Now think about the other Cyber-Crime strategy, hacking into specific, targeted computers. Once again, the question is whether State programs can plausibly mount qualitatively bigger efforts than thousands of Cyber Criminals and Cyber Vandals already do today. This seems unlikely for prominent targets like the banking system where there are already huge financial rewards for breaking into computers.  Admittedly, the argument is weaker for targets that Cyber Criminals care less about including, notoriously, the SCADA systems that drive the electric power grid. Still,  at least one recent survey suggests these systems are also attacked with great regularity. If so, they could be pretty tough also.

It seems to me that these ideas are useful precisely because they skip over the messy and incomplete details of how Cyber War is or could be done.  On the other hand, I do not claim to be an expert.  It could be that there are better arguments for worrying about Cyber War and that every computer science department in the country knows them.  If so, all I can say is that they ought to speak up.

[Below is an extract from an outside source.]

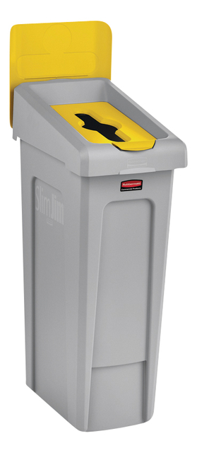 * Maak je eigen recyclestation met de Rubbermaid Slim Jim! * Afvalbakken en bovenstukken zijn in verschillende kleuren verkrijgbaar. Klik ze eenvoudig aan elkaar en maak een recyclestation op maat. * Moedig afvalscheiding aan met labels en verschillende bovenstukken: blauw bovenstuk met sleuf voor papier, een groen of bruin bovenstuk met ronde gaten voor flesjes of blikjes. * Vier geïntegreerde ventilatiegaten creëren een luchtstroom in de afvalbak. Een volle afvalzak kan daardoor makkelijk worden verwisseld. * Ontworpen voor de krapste ruimtes past de Rubbermaid Slim Jim overal, zoals bijvoorbeeld in kantooromgevingen of in de horeca.

It could also be that believing in Cyber War depends on knowing classified intelligence. Frankly, this argument troubles me much more. When critics argued that Ronald Reagan’s Star Wars proposals were physically impossible the man who invented “Trust but verify” didn’t ask them to take his word for it.  Instead, he promptly declassified the key technology insight behind the hydrogen bomb. It’s hard to imagine how any Cyber Secret could be comparably sensitive, let alone too dangerous to declassify.

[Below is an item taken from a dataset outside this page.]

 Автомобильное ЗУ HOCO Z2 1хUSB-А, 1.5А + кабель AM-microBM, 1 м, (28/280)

Readers who have followed my arguments so far deserve a bottom line. Nothing I have said implies that Cyber Crime isn’t enormously costly and doesn’t hurt the economy. It does. And there’s no particular reason why the Defense Department shouldn’t fund Cyber Crime research to protect its own systems and everyone else’s. It should. But all of those things are already happening under the old “Cyber Crime” rubric. What troubles me about the new “Cyber War” phrase is that it smells like an escalation – and an expensive one at that.

Most of us love to hear how 17th Century Dutch got caught up in the Tulip Mania until otherwise sober businessmen invested everything they owned in bulbs. But in truth, the Age of Manias has never left us. Nor are modern academics immune. (Cf. Cold Fusion). All of which suggests that we should occasionally remind ourselves of the old Scottish verdict of “Not Proven.”

Cyber War could be every bit as urgent as its advocates claim. It’s just that I haven’t heard the case yet.

Note Added Three Months Later: You don’t win arguments in academic life by citing the speaker’s presumed authority (or lack thereof). The only things that count are logic and evidence. So really, readers should ignore how this blog intersects with a more recent interview in the March 4 number of WIRED magazine:

“Howard Schmidt, the new cybersecurity czar for the Obama administration, has a short answer for the drumbeat of rhetoric claiming the United States is caught up in a cyberwar that it is losing.

“’There is no cyberwar,” Schmidt told Wired.com in a sit-down interview Wednesday at the RSA Security Conference in San Francisco.

“I think that is a terrible metaphor and I think that is a terrible concept,” Schmidt said.